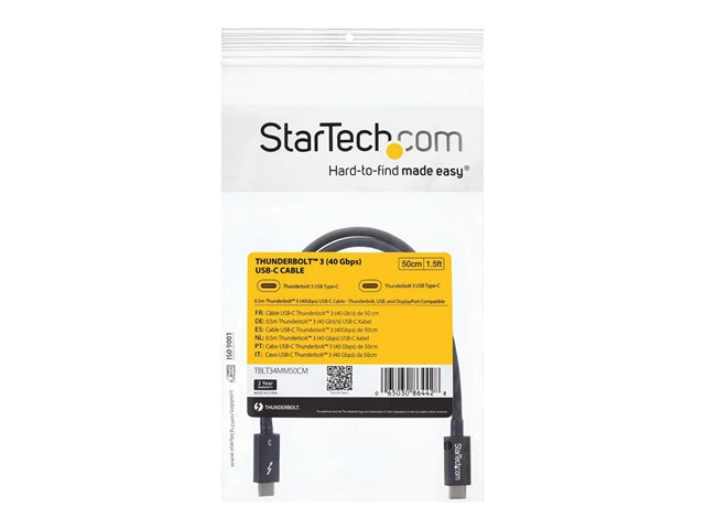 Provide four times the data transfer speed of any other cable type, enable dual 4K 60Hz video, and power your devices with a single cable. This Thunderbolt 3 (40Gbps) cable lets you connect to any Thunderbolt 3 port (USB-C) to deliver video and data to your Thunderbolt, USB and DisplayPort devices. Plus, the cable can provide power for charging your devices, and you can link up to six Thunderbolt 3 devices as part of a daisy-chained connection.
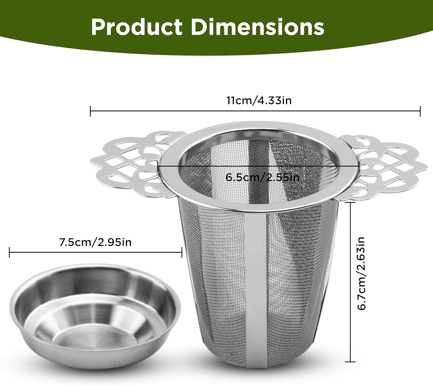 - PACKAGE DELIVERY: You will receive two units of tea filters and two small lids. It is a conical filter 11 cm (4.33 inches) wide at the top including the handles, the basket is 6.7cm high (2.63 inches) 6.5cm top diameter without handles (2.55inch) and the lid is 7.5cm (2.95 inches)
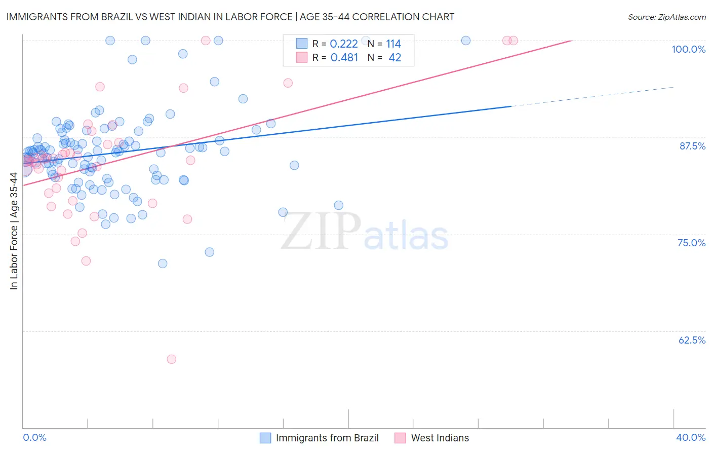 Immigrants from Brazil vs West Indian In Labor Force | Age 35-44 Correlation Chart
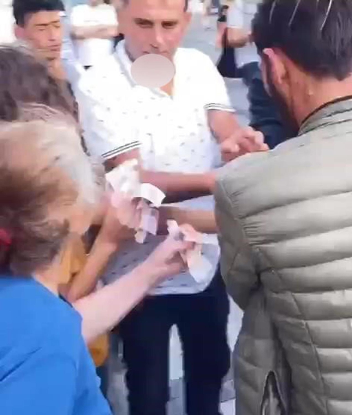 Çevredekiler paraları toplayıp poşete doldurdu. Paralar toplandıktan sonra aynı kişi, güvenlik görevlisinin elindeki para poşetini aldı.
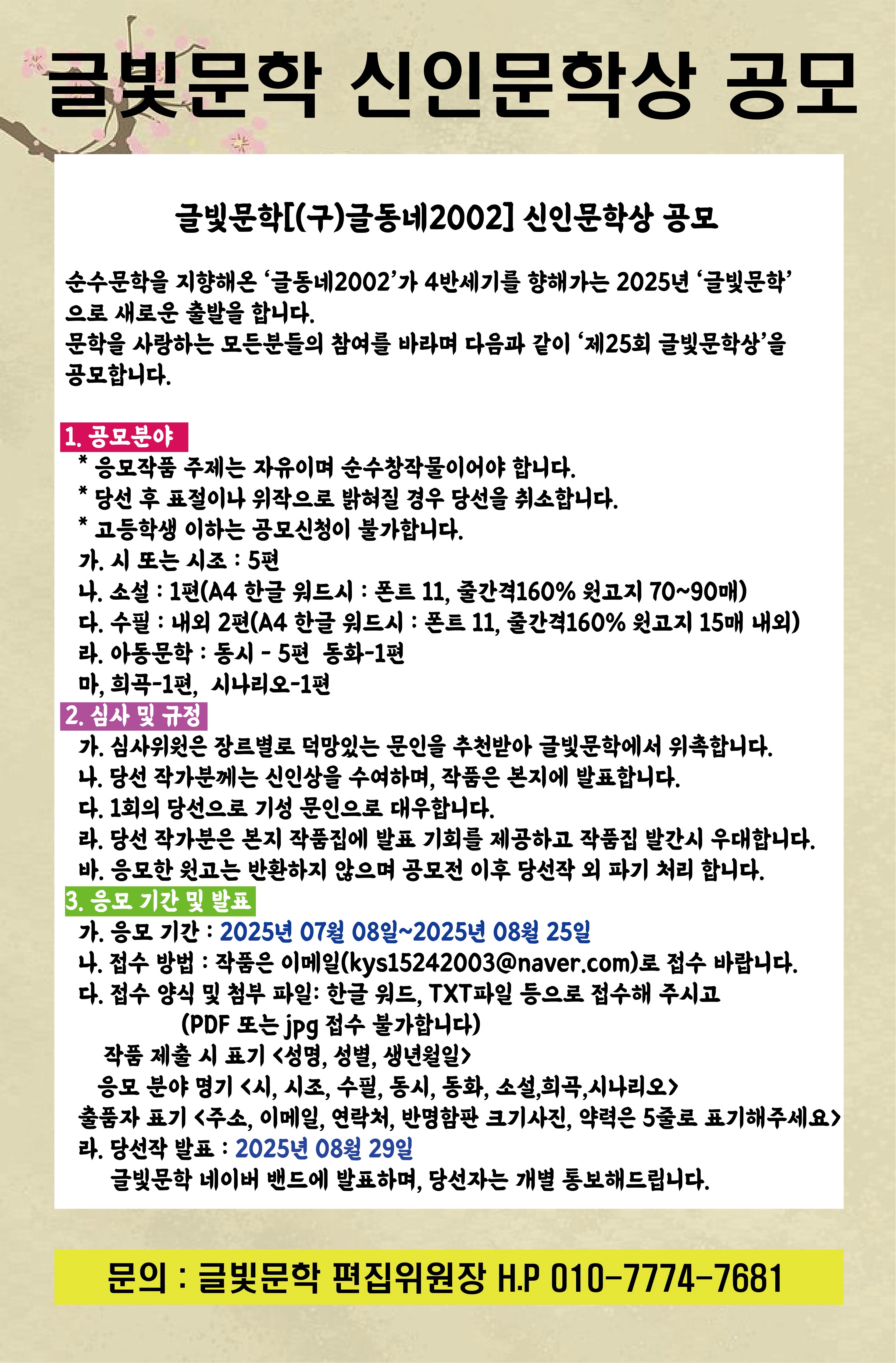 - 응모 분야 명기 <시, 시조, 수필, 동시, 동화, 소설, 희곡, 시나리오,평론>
☆ ☆ ☆
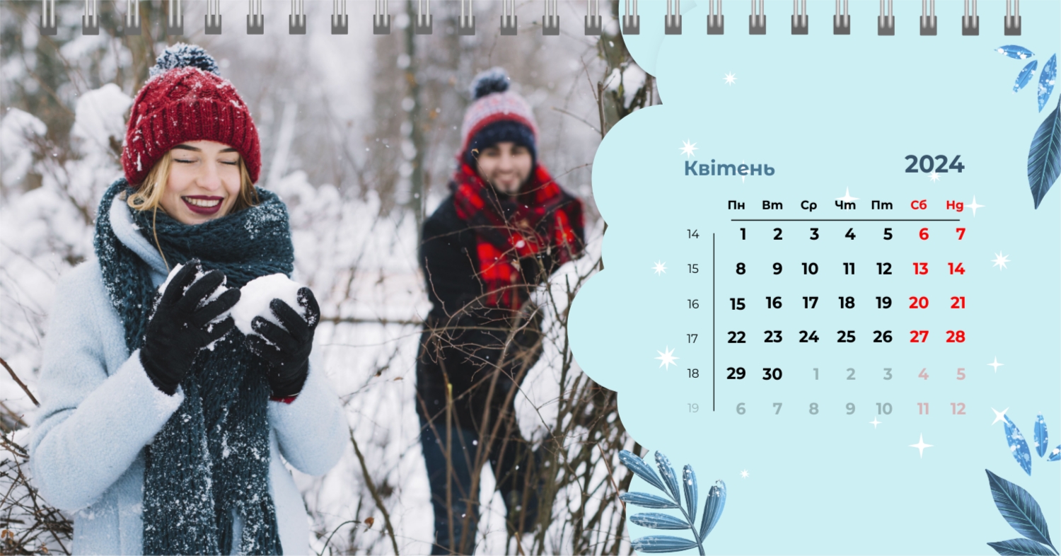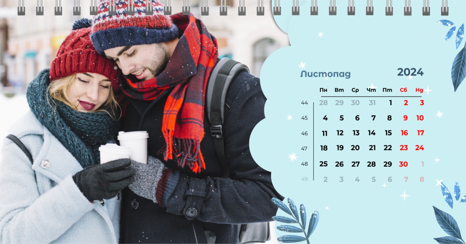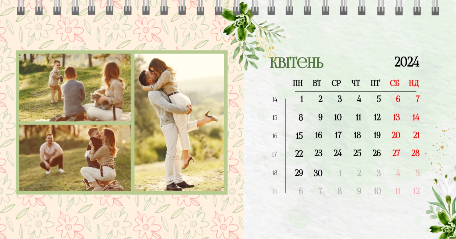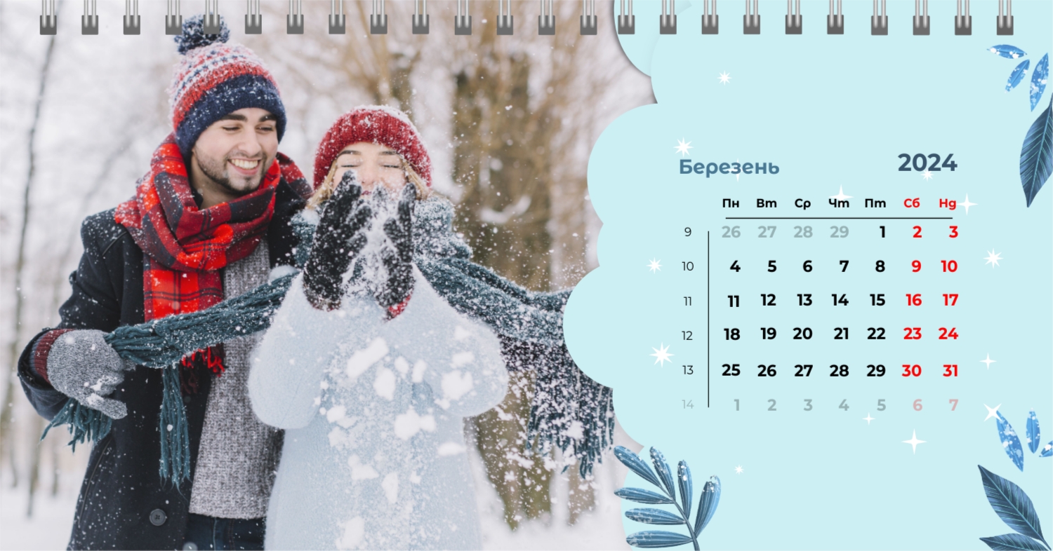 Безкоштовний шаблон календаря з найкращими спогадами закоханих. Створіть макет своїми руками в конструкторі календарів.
☆ ☆ ☆
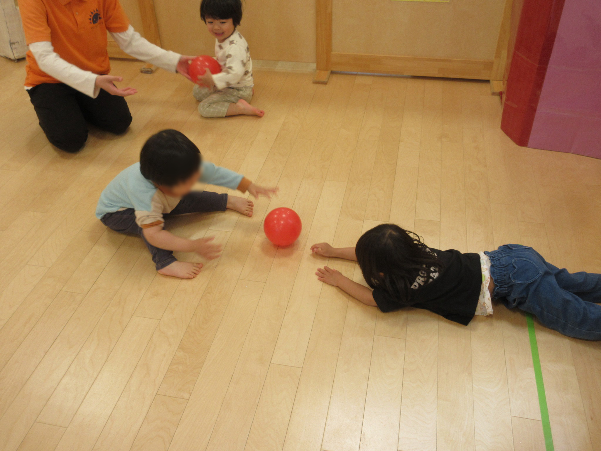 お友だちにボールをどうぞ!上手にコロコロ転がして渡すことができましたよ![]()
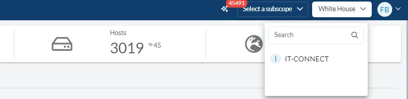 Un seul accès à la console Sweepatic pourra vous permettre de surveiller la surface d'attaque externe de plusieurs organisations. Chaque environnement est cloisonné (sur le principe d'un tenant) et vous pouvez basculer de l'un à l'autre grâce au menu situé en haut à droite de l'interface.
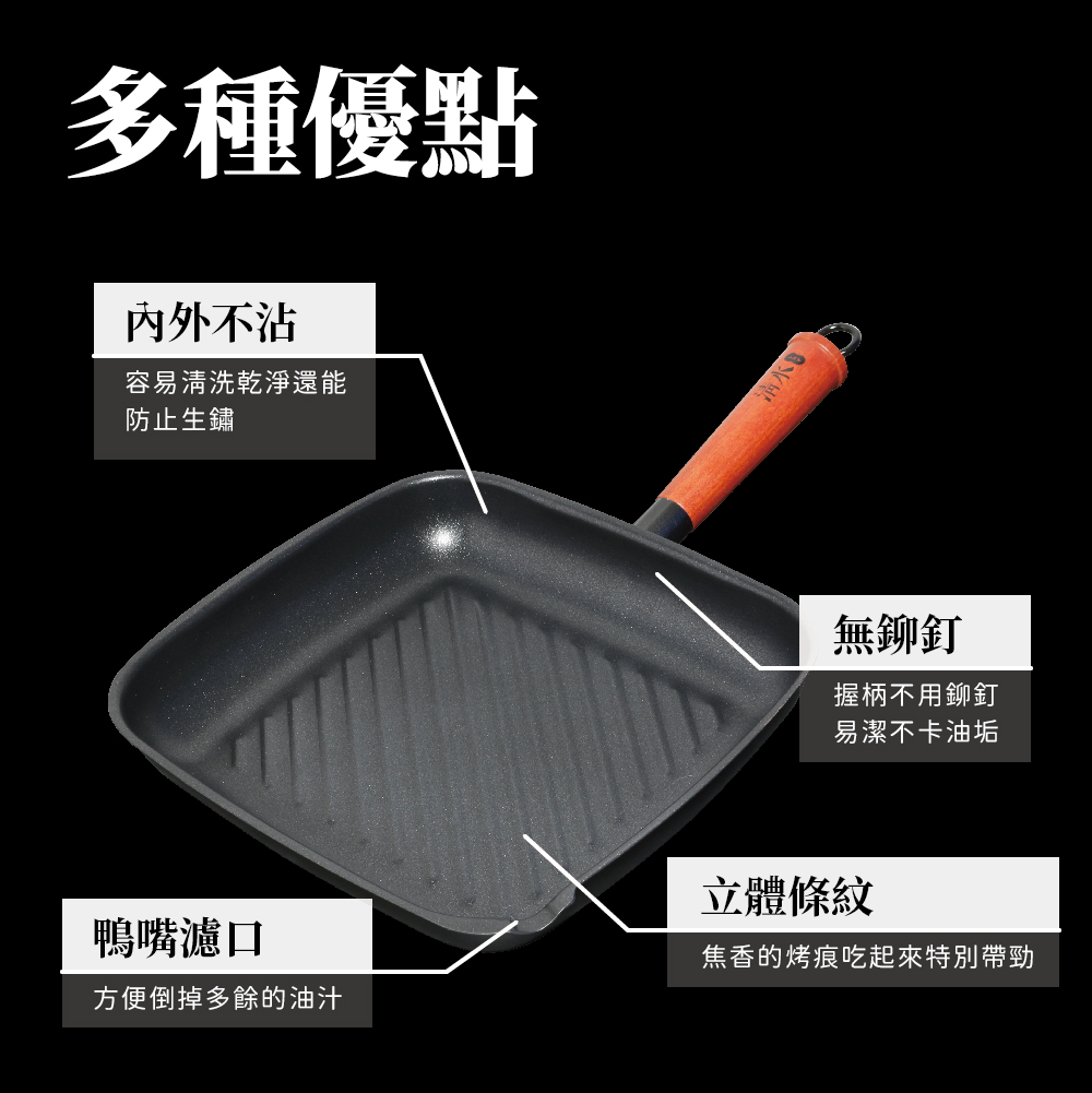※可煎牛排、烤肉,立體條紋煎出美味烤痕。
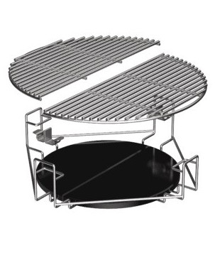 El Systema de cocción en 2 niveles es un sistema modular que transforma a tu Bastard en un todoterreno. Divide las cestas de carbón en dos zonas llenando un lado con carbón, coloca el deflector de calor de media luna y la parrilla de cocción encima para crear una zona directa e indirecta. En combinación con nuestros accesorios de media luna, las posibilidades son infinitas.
☆ ☆ ☆
PROBLEM: When copying from the data above, begin at the line containing "Provide four times" and end at the line containing "소설, 희곡, 시나리오,평론>"; return those lines exactly and leave all pictures behind.

TASK SOLUTION:
 Provide four times the data transfer speed of any other cable type, enable dual 4K 60Hz video, and power your devices with a single cable. This Thunderbolt 3 (40Gbps) cable lets you connect to any Thunderbolt 3 port (USB-C) to deliver video and data to your Thunderbolt, USB and DisplayPort devices. Plus, the cable can provide power for charging your devices, and you can link up to six Thunderbolt 3 devices as part of a daisy-chained connection.
 - PACKAGE DELIVERY: You will receive two units of tea filters and two small lids. It is a conical filter 11 cm (4.33 inches) wide at the top including the handles, the basket is 6.7cm high (2.63 inches) 6.5cm top diameter without handles (2.55inch) and the lid is 7.5cm (2.95 inches)
 Immigrants from Brazil vs West Indian In Labor Force | Age 35-44 Correlation Chart
 Çevredekiler paraları toplayıp poşete doldurdu. Paralar toplandıktan sonra aynı kişi, güvenlik görevlisinin elindeki para poşetini aldı.
 - 응모 분야 명기 <시, 시조, 수필, 동시, 동화, 소설, 희곡, 시나리오,평론>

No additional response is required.